None of this is a knock on the card itself – for gaming I’d pick up an RTX 5080 without a second thought, and for rendering it’s genuinely excellent. It’s just that AI inference has different priorities, and on the metric that matters here (VRAM capacity), you’re paying flagship money for a card that runs fewer models than the one it nominally replaced. The only exception is if you’re certain you’ll never push past 34B at Q4 (needs ~20GB, so 16GB works at Q2) – the 5080 handles that adequately. That’s a narrow carve-out though, and most people I know who started with “I’ll only ever need 34B” found themselves wanting more within six months.
Comparison Table
| Machine | GPU | VRAM | Price | Market | Best For |
|---|---|---|---|---|---|
| Stormforce Onyx Intel Custom | RTX 4060 8GB | 8GB | £658.99 | UK | First experiments, 7B models |
| Stormforce Crystal AMD Custom | RTX 4060 8GB | 8GB | £1,154.99 | UK | 7B models, better platform |
| Stormforce Prism Intel Custom | RTX 5070 12GB | 12GB | £2,014.99 | UK | 13B models, LoRA fine-tuning |
| Corsair VENGEANCE a7500 | RTX 5070 | 12GB | $2,599.99 | US | 13B models (out of stock) |
| Corsair VENGEANCE i7500 | RTX 4080 Super | 16GB | $3,199.99 | US | 34B models, partial 70B |
| Corsair VENGEANCE i8200 | RTX 4090 24GB | 24GB | $4,799.99 | US | 70B models, fine-tuning |
| Stormforce Midnight Xtreme BF | RTX 5090 32GB | 32GB | £4,599.99 | UK | 70B+ models, maximum capability |
| Corsair VENGEANCE i8300 | RTX 5090 32GB | 32GB | $7,499.99 | US | 70B+ models (back order) |
UK prices include VAT. US prices are USD before import/tax.
My Pick
For UK buyers serious about local AI: Stormforce Midnight Xtreme Intel BF at £4,599.99.
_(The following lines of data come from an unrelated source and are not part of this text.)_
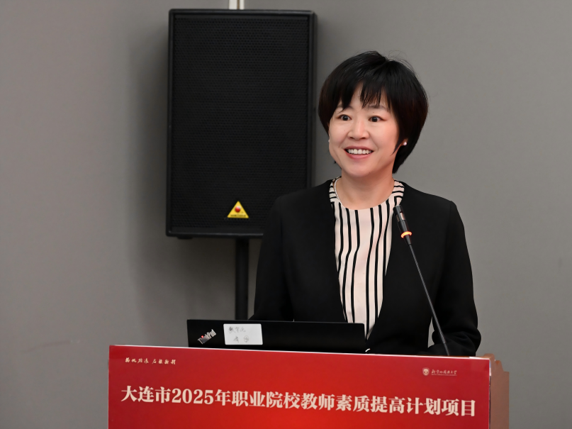 北京外国语大学国家级职业教育“双师型”教师培训基地办公室主任、外研社职教分社社长李淑静首先对本次培训的主办方大连市教育局给予的信任和支持表示感谢,同时作为承办方对各位老师表示热烈欢迎。她强调,2025年是贯彻全国教育大会精神、落实教育强国建设规划纲要的关键之年,锻造“双师型”教师队伍是筑牢教育强国根基的核心任务,北外将充分发挥专业优势和平台作用,依托十余年国培经验,为各位教师带来兼具政策高度与实践深度的研修内容,既能精准把握职教政策方向,又能扎实掌握实用教学技能,为大连市职业教育高质量发展贡献智慧与担当。
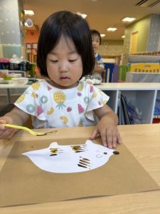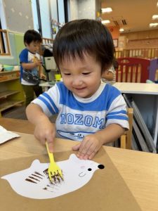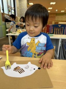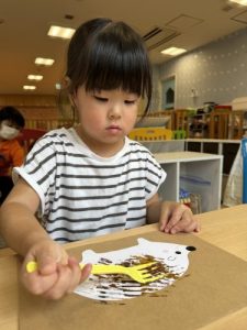 フォークの模様を使って、ハリネズミ作りに夢中でした🌟
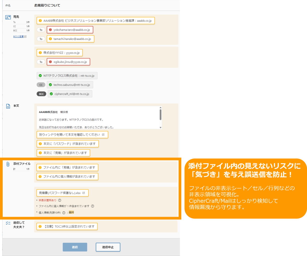CipherCraft/Mail 8では、メール送信時は、ポップアップで非表示領域のあり/なしまで再チェック!
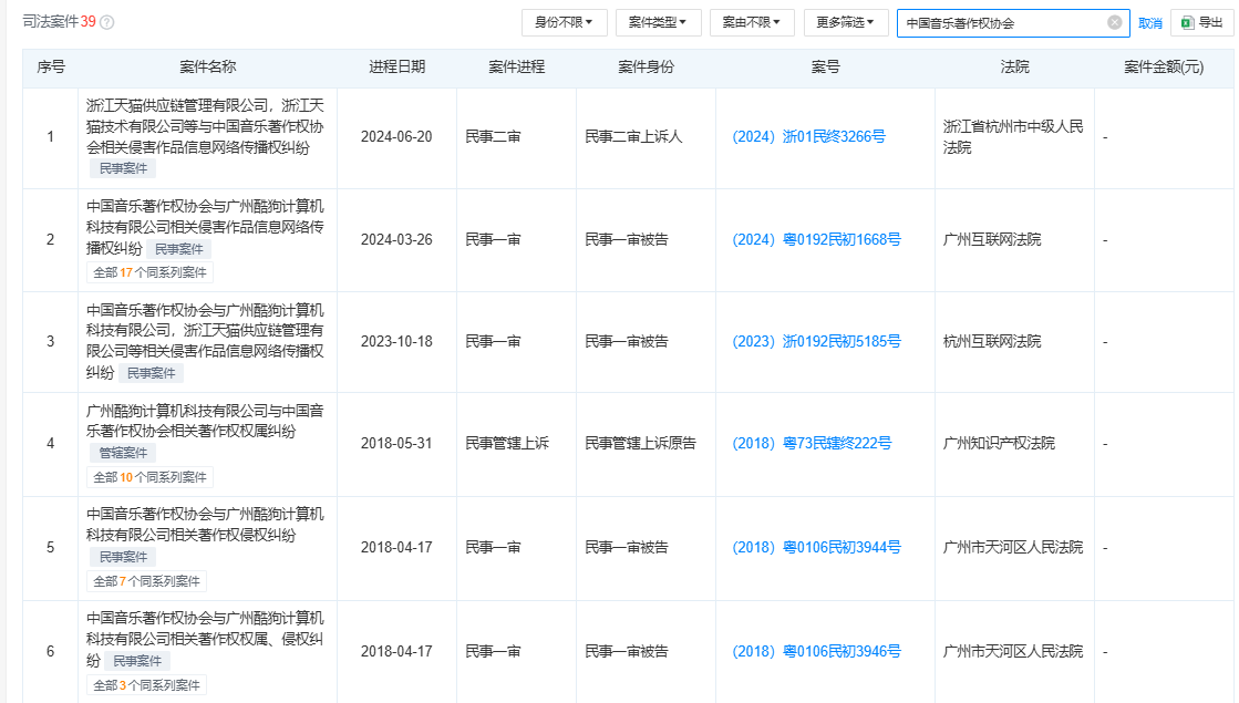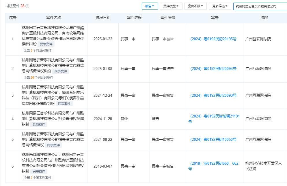 南财快讯记者注意到,酷狗音乐除了被音著协提起诉讼外,同行业公司也向其提起诉讼。天眼查显示,网易云音乐多次向酷狗音乐提起诉讼,涉及事项包括著作权权属纠纷、侵害作品信息网络传播权纠纷等。
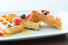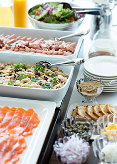 毎朝ホテルのオーブンで焼き上げる数々のブレッドの中でも、おすすめは「カンパ-ニュ」。黒ビールの種でおこし、18時間も発酵させる製法にこだわった風味豊かなパンです。本日のスープに浸したり、ハムとチーズでサンドイッチにしたり、オリーブオイルやジャム、はちみつと一緒にいただいたり、お好みのスタイルでどうぞ。忙しいビジネスパーソンには「Grab & Go」。ドリンクとともにテイクアウトしていただけます。
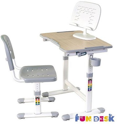 FunDesk Piccolino II – замечательный комплект, который создаст уют и комфорт для ребёнка в младших классах, поможет в правильном физиологическом развитии и защитит спину своего юного хозяина от различных угроз.
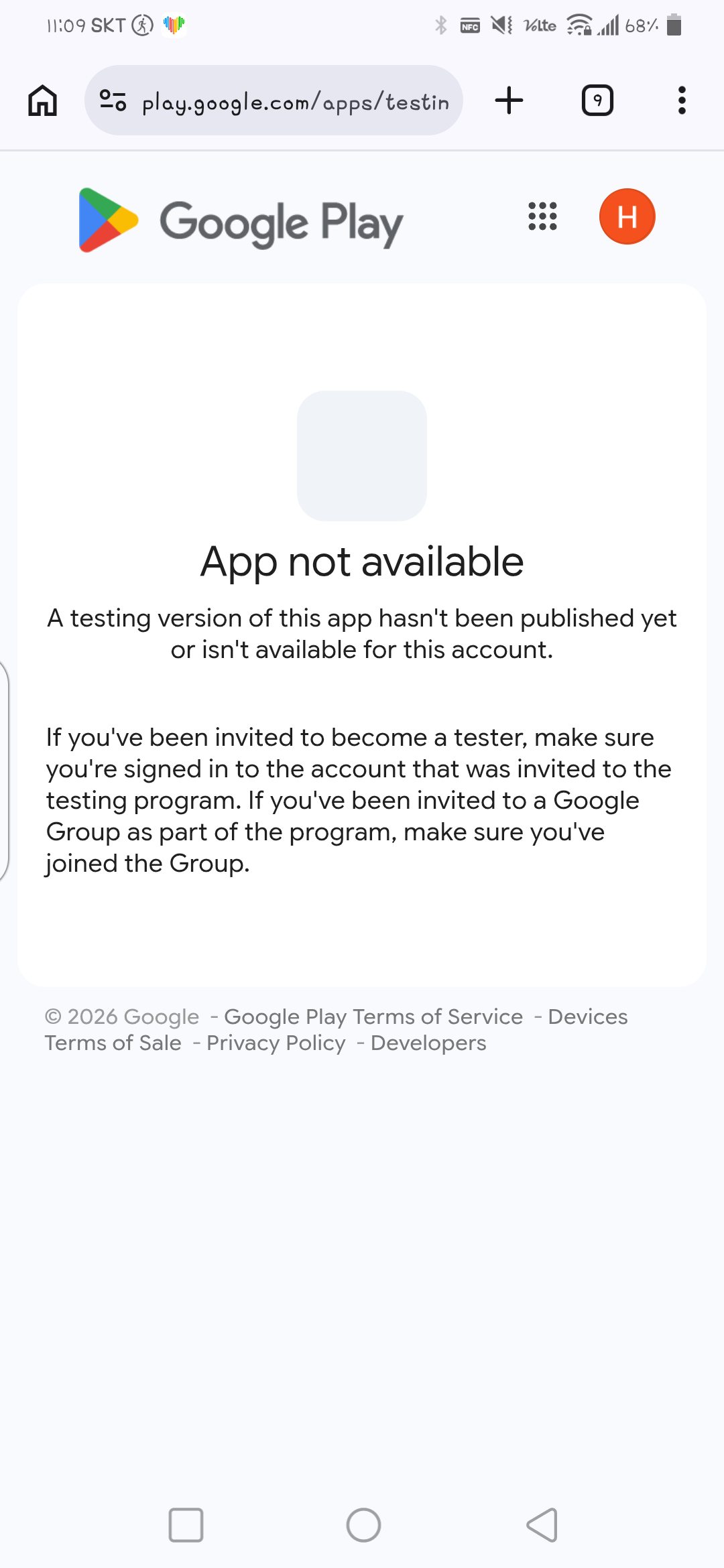 이 상태에서는 테스트 링크를 공유해도 상대방이 앱을 설치할 수 없다.
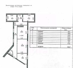Помещение размещается на четвертом этаже. Имеет 5 полноценных кабинетов (полезная площадь 84 кв.м.) с большими панорамными окнами. Установлено видеонаблюдение.
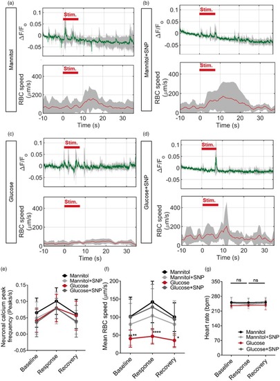 Sodium nitroprusside reverses the effect of glucose on neurovascular coupling. (a)–(d) Time series of neuronal activation ( PHENOTYPE:
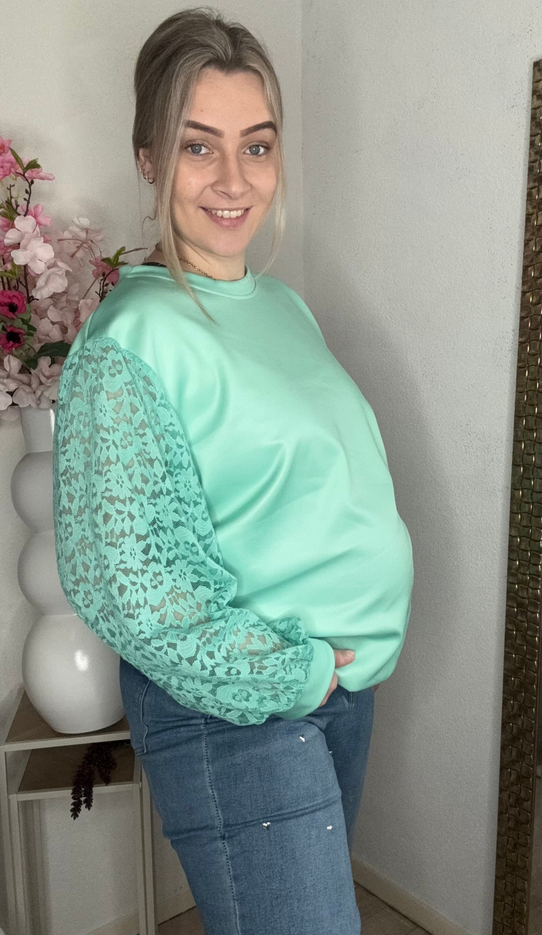 Kanten mouw mint
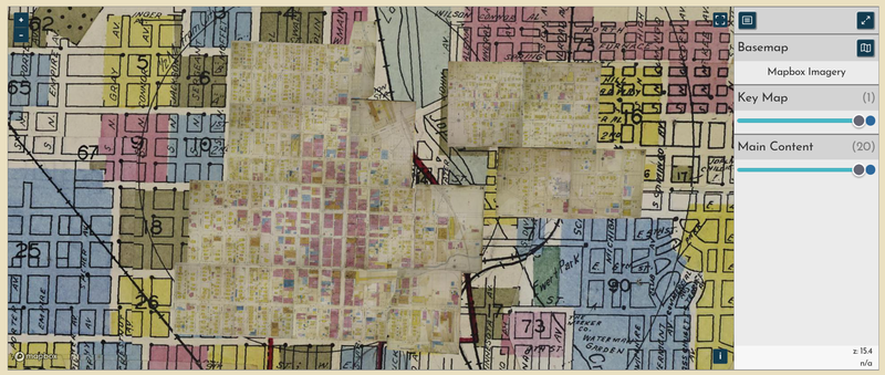 In this example from Joplin, Mo., a handful of layers have been georeferenced, including the "key map" which is displayed underneath the main content of the atlas. As more layers are created, they will slowly obscure the corresponding locations on the key map, giving a clear visual indicator of completion.

I’ve been watching the UK pre-built market for a while and this is genuinely the only RTX 5090 system I’ve seen at a price that doesn’t feel ridiculous. The 32GB VRAM means you won’t be model-constrained for a long time, and the £1,000 off the original £5,599.99 makes it genuinely good value at this tier.
If £4,600 is too much, the Stormforce Prism Intel Custom at £2,014.99 is the sensible step down. The RTX 5070’s 12GB is a real limitation for 70B models, but for developers working primarily with 7B-34B it’s adequate – and the 64GB DDR5 is considerably more generous than most builds at this price.
Skip the RTX 5080 machines unless you’ve got a very specific use case that puts 34B as a hard ceiling. At the price points they sit at, you’re paying more for a card that does less of what matters for local AI – and that’s a strange position for a newer, ostensibly better GPU to be in. The VRAM number is what determines your model ceiling, not the generation stamp, and on that metric the 5080 loses to the 4090 at comparable prices.
Prices checked February 2026. Stock moves quickly – Stormforce Midnight Xtreme is Built to Order, so ring and check lead times before you commit.